++++ Available data ++++

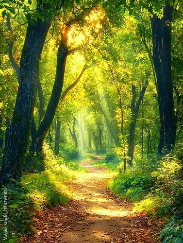 © DDU, Obraz premium Photo of a sunlit forest path surrounded by tall trees and lush greenery
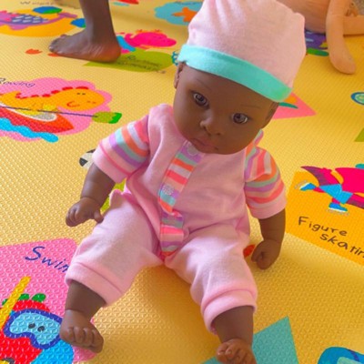 - Adorable realistic 14” baby with deep skin, brown eyes.
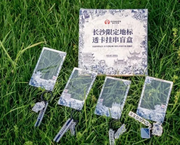 “霸王茶姬”在湖南推出了一款長沙限定地標透卡掛串盲盒,內含太平老街、杜甫江閣、愛晚亭等特色地標,還有隱藏款式,購買雙大杯伯牙絕弦可得,利用年輕人對盲盒的好奇心,既拉動了產品銷量,同時也展現了湖湘文化的魅力。
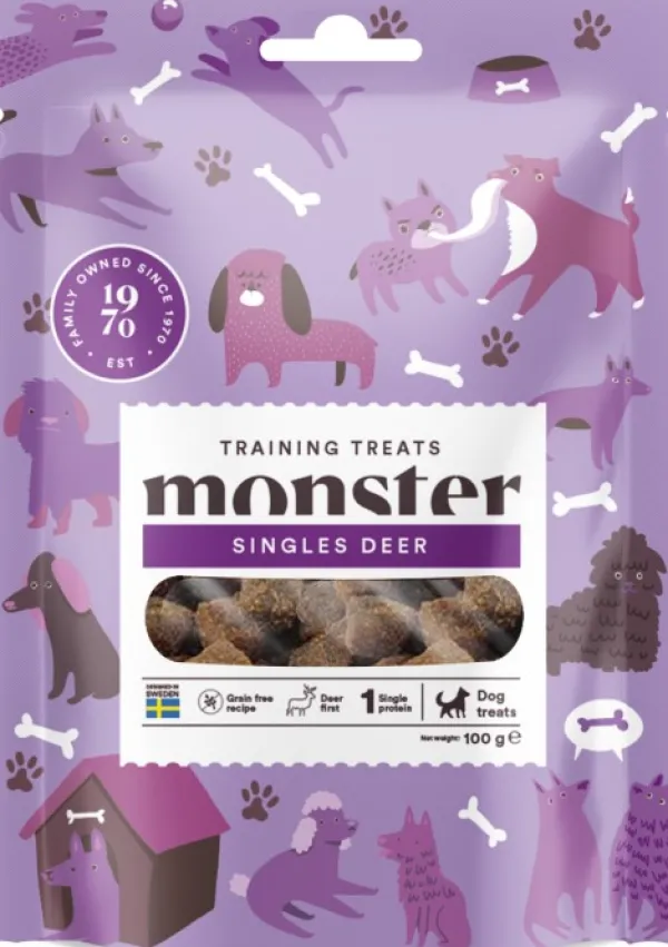 Monster Dog Training Treats on terveellinen, herkullinen, puolipehmeä ja murenematon koiranherkku. Täydellinen palkinnoksi ja helppo pitää taskussa. Kenties ne tekevät ihmeitä myös koulutuksessa. Jos eivät, niin ne ovat helppo tapa osoittaa nelijalkaiselle ystävällesi arvostusta – ja eikö se olekin tärkeintä?

++++

> _Your objective_:
Print the preceding material over again exactly. Please leave the pictures out.

> _Response to this task_:
 © DDU, Obraz premium Photo of a sunlit forest path surrounded by tall trees and lush greenery
 - Adorable realistic 14” baby with deep skin, brown eyes.
 “霸王茶姬”在湖南推出了一款長沙限定地標透卡掛串盲盒,內含太平老街、杜甫江閣、愛晚亭等特色地標,還有隱藏款式,購買雙大杯伯牙絕弦可得,利用年輕人對盲盒的好奇心,既拉動了產品銷量,同時也展現了湖湘文化的魅力。
 Monster Dog Training Treats on terveellinen, herkullinen, puolipehmeä ja murenematon koiranherkku. Täydellinen palkinnoksi ja helppo pitää taskussa. Kenties ne tekevät ihmeitä myös koulutuksessa. Jos eivät, niin ne ovat helppo tapa osoittaa nelijalkaiselle ystävällesi arvostusta – ja eikö se olekin tärkeintä?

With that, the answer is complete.